“A trick,” I replied as I fanned the cards out in front of him. “Pick a card.”
His smile grew. His eyebrows crinkled together. He reached for the remote and silenced the man on the deck of that ship. “Don’t I get to cut the deck first?” he said.
My next breath filled my lungs right up, and I realized that I hadn’t been breathing. I let him cut the deck; I fanned the cards. He picked one. And my story sprang out of me then, long and joyous: the trick, the deal, the test, the eleven check marks down the side of the page, the Grade Four math book, the magic lesson. While I talked, I was reviewing the next steps of the trick in my mind. The story, I realized, was the perfect distraction, and distraction was the key.
“Are you holding the jack of clubs?” I said at last, tying the question to the story, making it the grand finale.
He was.
Kaya slipped into the room not long after that, and Mom followed soon after to find the three of us sharing milk and cookies. I watched my mother look for something wrong with the scene, and I saw her tiny huff of acceptance when she realized that Dad was fine.

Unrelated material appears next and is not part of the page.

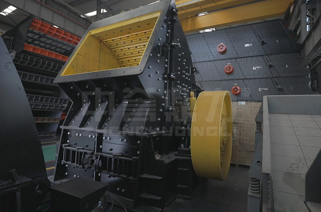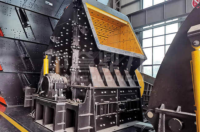 大塊原料通過給料機均勻的進入重錘破碎機的破碎腔,進入破碎腔后物料會先由高速旋轉的錘頭進行打擊完成初次破碎,同時會被打擊到機殼內部的襯板上再次進行破碎,直到小于出料口縫隙的物料從出料口排出,大于出料口的物料會重復上面的破碎,繼續(xù)被錘頭打擊,直到小于出料口被排出。

Better than fine.
Then, “Show them, Beth,” Dad said.
“I’ve got groceries to put away,” Mom said.
“Come on, Margaret. Five minutes.”
I flinched. I hated those exchanges between Mom and Dad, all sharp edges.
“Yes, show us!” Kaya said, spraying bits of cookie as she spoke.
And I did. I let Kaya pick the card. I prattled on a bit about how I had learned the trick, but I was nervous now, and it didn’t come out right. I tried to follow the steps as I talked, but in the end I knew I was guessing when I said, “Is it the six of clubs?”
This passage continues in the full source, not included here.